Use-case based mostly deployments on SageMaker JumpStart

Amazon SageMaker JumpStart gives pretrained fashions for a variety of drawback sorts that can assist you get began with AI workloads. SageMaker JumpStart affords entry to options for prime use circumstances that may be deployed to SageMaker AI Managed Inference endpoints or SageMaker HyperPod clusters. By pre-set deployment choices, prospects can shortly transfer from mannequin choice to mannequin deployment.

Mannequin deployments by way of SageMaker JumpStart are quick and simple.
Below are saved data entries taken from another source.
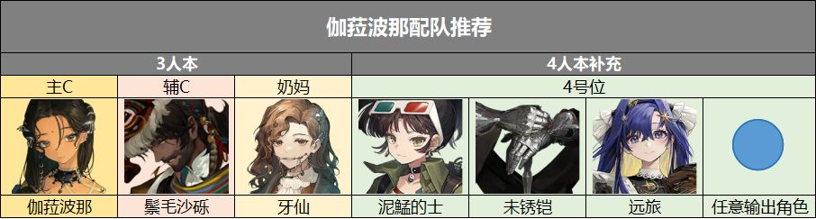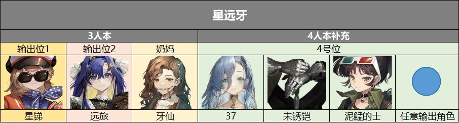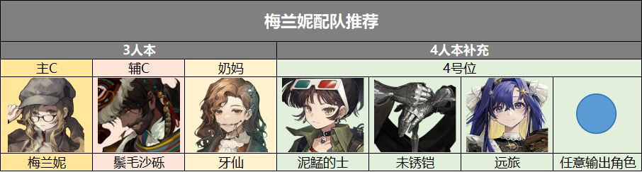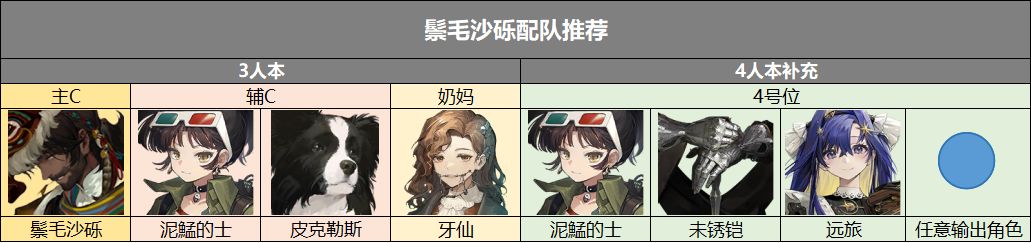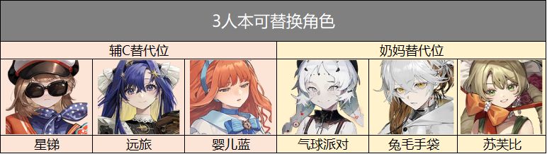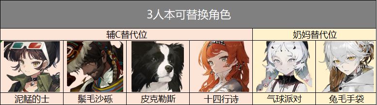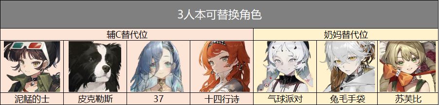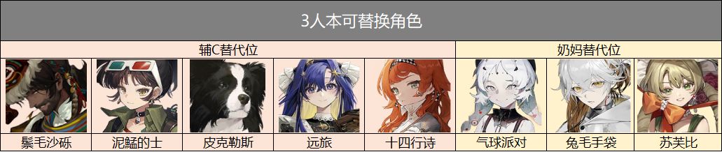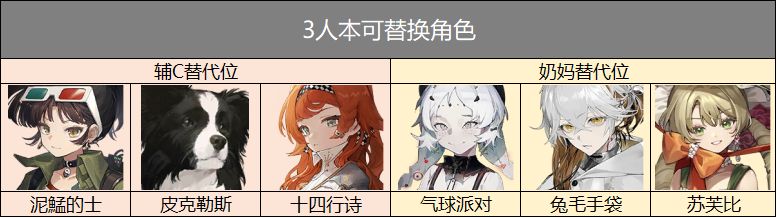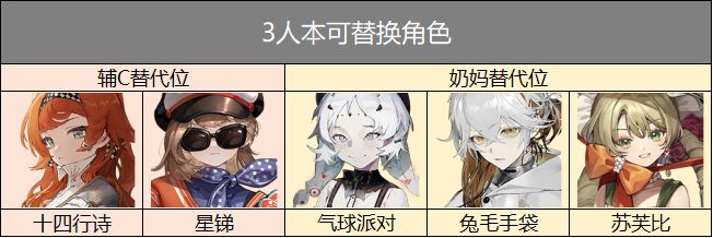 比如:无法施加【属性削弱】这类关卡debuff,那么鬃毛沙砾和柏林以东就不是最佳辅C角色,反而是皮克勒斯或泥鯭的士,十四行诗这种属性增益角色最优;所以面对不同情况还需特殊对待,不过以上配队应对绝大部分场合还是没问题的。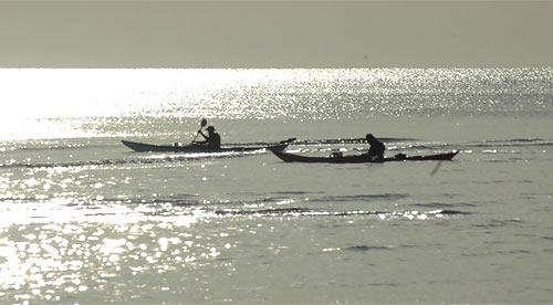 Apairēju ragu un ieņemu taisnu līniju. Kādu brīdi airēju. Tomēr nē. Seklajā jūrā viļņi nav lieli, taču visi spēki aiziet stiprajā vējā un pret straumi mēģinot valdīt laivu. Nes jūrā. Ir pa traku. Ātrums bēdīgs. Apsveru, ka ceļojuma pirmajā dienā varbūt varētu mēģināt spītēties, taču esmu viens pats un spēka nav tik daudz. cik gribētos. Griežu atpakaļ. Atpakaļ iet labi – tikai piestūrējot 10 km /h.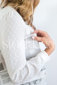 Vertical stock photo of a woman  holding a newspaper.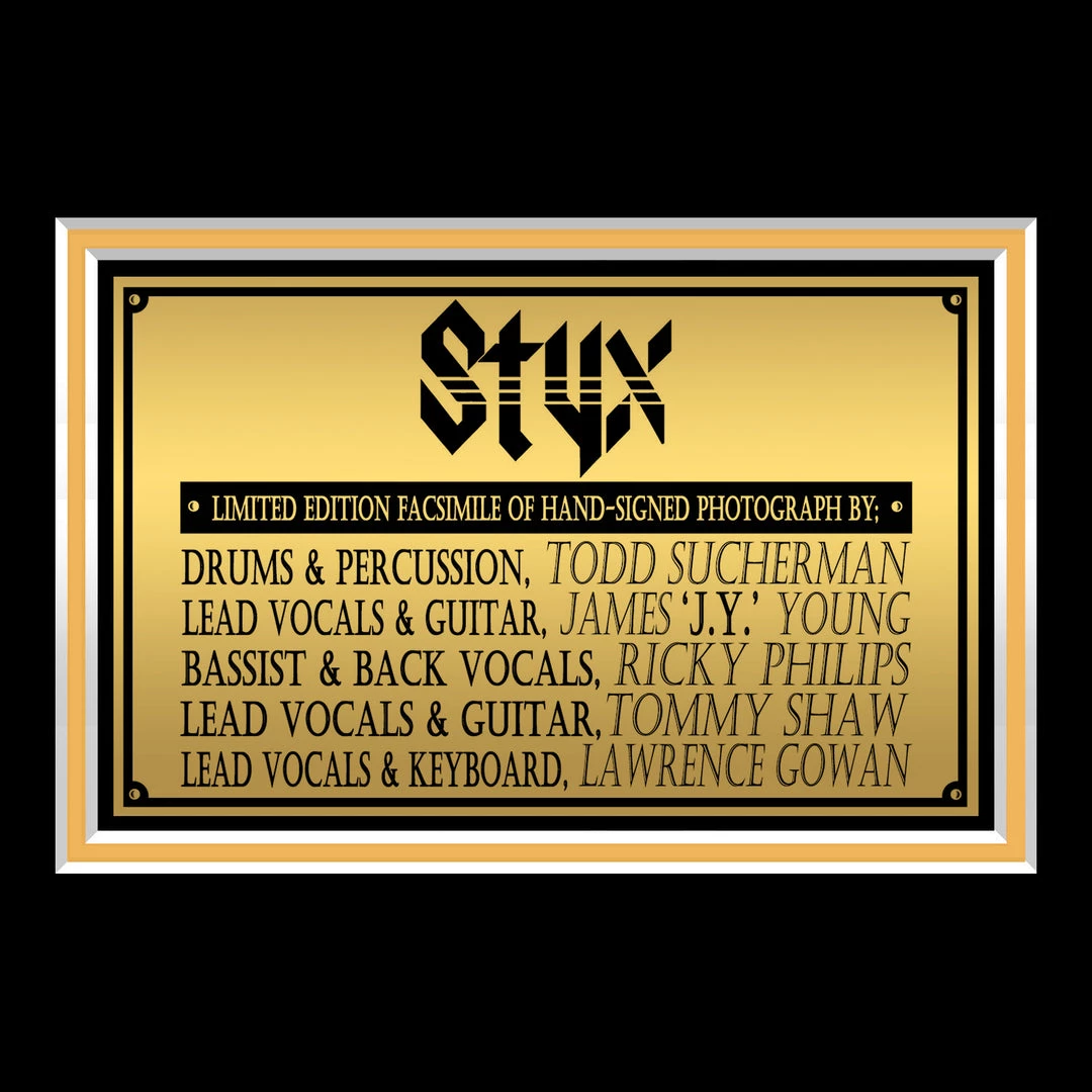 Pay homage to Styx , with this gallery-framed, officially licensed, limited edition facsimile of hand-signed photo, originally signed by Todd Sucherman, James Young, Ricky Philips, Tommy Shaw & Lawrence Gowan, of which is strictly limited to 100 units Worldwide, and has been approved and numbered accordingly.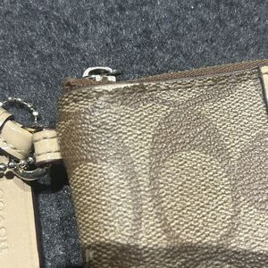 COACH F58035 Corner Zip Wristlet Signature Khaki PVC Ivory Leather Stripe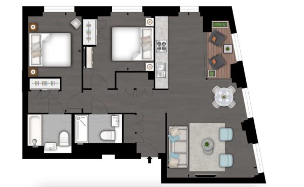 With two double bedrooms and two bathrooms, including an en-suite bathroom in the master bedroom, this apartment offers ample space and comfort. There is also a private balcony accessible from both the reception area and one of the bedrooms. Storage space is plentiful throughout the apartment.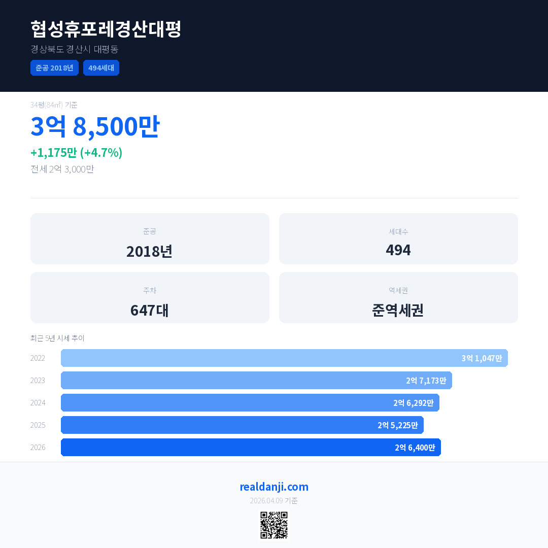 협성휴포레경산대평 국민평형 기준 2026년 평균 거래가는 2억 6,400만으로, 전년 대비 4.7% 상승 했습니다.
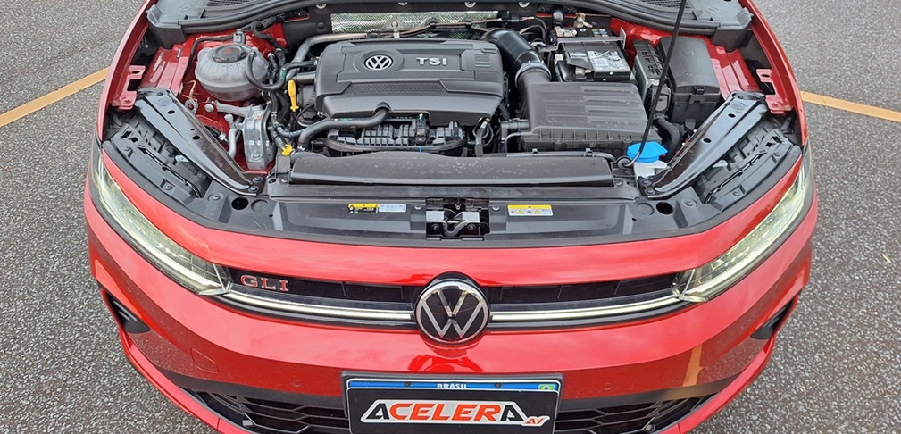 Debaixo do capô segue o conhecido 2.0 com turbo e injeção direta, que rende 231cv e 35,7kgfm de torque, sempre aliado ao DSG de sete marchas. É um conjunto amplamente conhecido — e isso é elogio. Maduro, confiável e com enorme respaldo no mercado de preparação.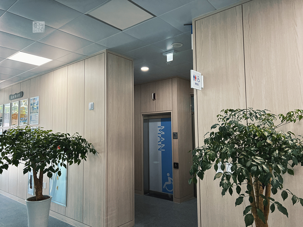 그리고 김해 칠산서부동행정복지센터 내부의 모습을 본다면 입구 쪽에 화장실이 설치되어 있고, 장애인 화장실도 들어가는 입구에서 보았을 때는 충분히 전동 휠체어를 타고 들어갈 수 있는 여유 공간이 있었다. 지난 김해 칠산서부동행정복지센터의 구 청사는 화장실이 내부에 있다 보니 사람들이 이용하기가 어려웠던 것과 상반되는 모습이었다.

Prospects might choose choices based mostly on anticipated concurrent customers, with visibility into P50 latency, time-to-first token (TTFT), and throughput (token/second/person). Whereas concurrent person configuration choices are useful for general-purpose situations, they aren’t task-aware, and we acknowledge that prospects use SageMaker JumpStart for numerous, particular use circumstances like content material technology, content material summarization, or Q&A. Every use case would possibly require particular configurations to enhance efficiency. Furthermore, the definition of efficiency isn’t constrained to simply latency, and a few prospects would possibly measure efficiency in throughput or lowest price per token.

Constructing on this basis, we’re excited to announce the launch of SageMaker JumpStart optimized deployments. SageMaker JumpStart improved deployments tackle the necessity for wealthy and simple deployment customization on SageMaker JumpStart by providing pre-defined deployment configurations, designed for particular use circumstances. Prospects keep the identical stage of visibility into the small print of their proposed deployments, however now deployments are optimized for his or her particular use case and efficiency constraint.

Stipulations

To start utilizing SageMaker JumpStart optimized deployments, prospects require at minimal the next:

After these options are in place, prospects can start utilizing SageMaker JumpStart optimized deployments instantly.

Getting began

To get began utilizing SageMaker JumpStart optimized deployments, open SageMaker Studio and select Fashions. Choose any of the fashions that assist optimized deployments (listed within the following part) and select Deploy within the top-right nook. The ensuing display now contains a collapsible window labeled “Efficiency”, which options the choice choices for optimized deployments.

The displayed choices require customers to first choose a use case. For text-based fashions, these use circumstances can vary from generative writing to chat-style interactions; picture and video will function completely different use circumstances after assist is added for these enter sorts. After deciding on a use case, prospects should choose one in every of three constraint optimizations: Value optimized, Throughput optimized, and Latency optimized. There may be additionally a Balanced possibility for purchasers searching for the perfect common efficiency throughout all logged metrics.

After chosen, a pre-set deployment configuration is outlined for the endpoint. Prospects can additional assessment and choose extra configuration values like timeouts, endpoint naming, and safety settings. After configuration is full, prospects select the Deploy possibility within the bottom-right nook.

Accessible fashions

SageMaker JumpStart optimized deployments can be found for the next fashions:

Meta
- Llama-3.1-8B-Instruct
- Llama-2-7b-hf
- Llama-3.2-3B
- Meta-Llama-3-8B
- Llama-3.2-1B-Instruct
- Llama-3.2-1B
- Llama-3.1-70B-Instruct
- Llama-3.2-3B-Instruct
- Meta-Llama-3-8B
Microsoft
Mistral AI
- Mistral-7B-Instruct-v0.2
- Mistral-Small-24B-Instruct-2501
- Mistral-7B-v0.1
- Mistral-7B-Instruct-v0.3
- Mixtral-8x7B-Instruct-v0.1
Qwen
- Qwen3-8B
- Qwen3-32B
- Qwen3-0.6B
- Qwen2.5-7B-Instruct
- Qwen2.5-72B-Instruct
- Qwen2-VL-7B-Instruct
- Qwen2-1.5B-Instruct
- Qwen2-7B
Google
- gemma-7b
- gemma-7b-it
- gemma-2b
Tiiuae

These are the launch fashions for optimized deployments, and we’re actively increasing assist to incorporate extra fashions.

Name to motion

Prospects can begin working with SageMaker JumpStart optimized deployments instantly. Choose one of many out there optimized deployment fashions within the SageMaker Studio mannequin hub. Experiment with the completely different deployment choices to find out the precise configuration to your utility.